Principles of Programming
Overview
This group investigates the semantics and formal methods for programming languages with imperative features, either alone or combined with functional and object-oriented features. Below are some of our research areas; as you can see, they overlap to a large extent.
Main Academic Staff:
Dan Ghica
Paul Levy
Uday Reddy
Eike Ritter
Alan Sexton
Hayo Thielecke
PhD Students:
Mr Chris Ross
State manipulation
Common programming facilities, such as generating new storage cells, and allowing storage cells to store other storage cells (pointer structures, in other words) pose some surprising problems both for modelling and for reasoning. Work addressing these questions has been done by Reddy in Idealized Algol and by Levy in call-by-push-value, but many questions remain open, particularly about parametricity for the more recent models.
Types and effect systems
Types and effects can express that a program will behave in a disciplined way. Moreover, they do so statically, that is, before the program is run, and could be checked automatically by the compiler. Type safety in particular has recieved a great deal of attention in connection with Java. For a sophisticated language that combines functions or objects with computational effects, a type system alone may not be expressive enough; a type and effect system enhances an underlying type system with effect information. Thielecke's recent work uses types and effects for control. Many control constructs, such as exceptions, have been shown to be of a stylized form by using a linear type system for continuation passing. In related work, an effect system for control is mapped to polymorphically typed continuation passing. Future work will study type and effect system for computational effects in general, and pointers in particular.
Call-by-push-value
Much work about languages combining imperative and functional features has focussed on either call-by-name (CBN) or call-by-value (CBV) languages. Building on work of Moggi, Filinski and others, Levy analyzed a wide range of CBN and CBV semantics and noticed a pattern: it emerged that a single fine-grain language, called "call-by-push-value" (CBPV), underlies both of the older paradigms, and so the constructs of CBV and CBN can be seen as particular idioms in CBPV. Examples of models with CBPV structure include domains, possible worlds, continuations and games, and even more models are currently emerging (e.g. lower powerdomain).

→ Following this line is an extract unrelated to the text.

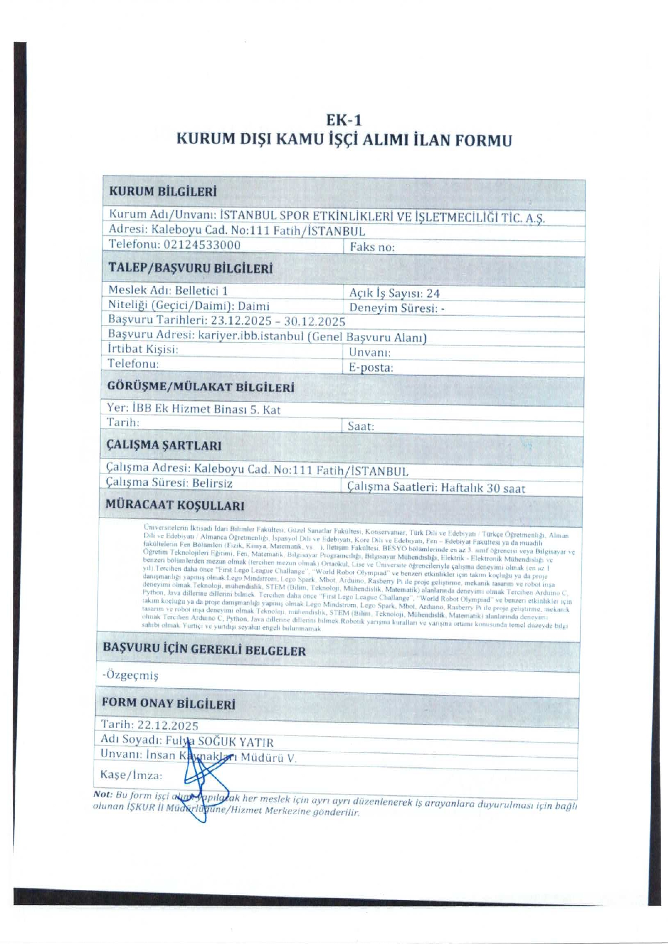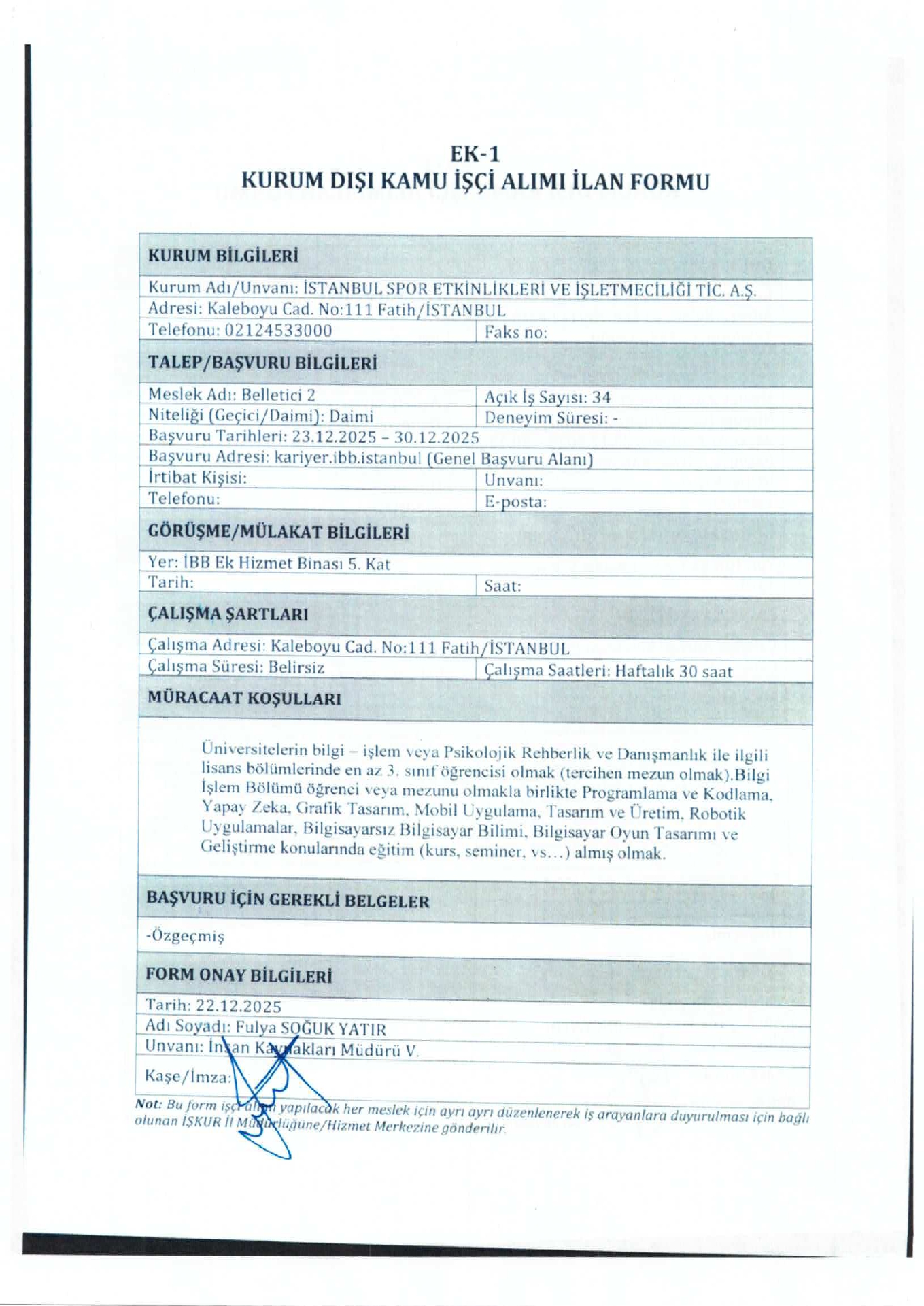 İstanbul Spor Aktiflikleri 58 Emekçi Alacak. Son müracaat tarihi 30 Aralık 2025

Subsequent work has extended CBPV with constructs for the stacks that arise during execution, and used these to show that the algebraic concept of adjunction accurately characterizes CBPV models.
Game semantics
In the past decade game semantics has emerged as a new and successful paradigm in the field of semantics of logics and programming languages. Game semantics made its breakthrough in computer science in the early 90s, providing an innovative set of methods and techniques for the analysis of logical systems. Subsequently, game-semantic techniques led to the development of the first syntax-independent fully-abstract models for a variety of programming languages, ranging from the purely functional to languages with non-functional features such as control, references or concurrency. Ghica and McCusker, followed by Abramsky, Murawski, Ong and others, developed an algorithmic approach to game semantics with a view to applications in computer assisted program verification.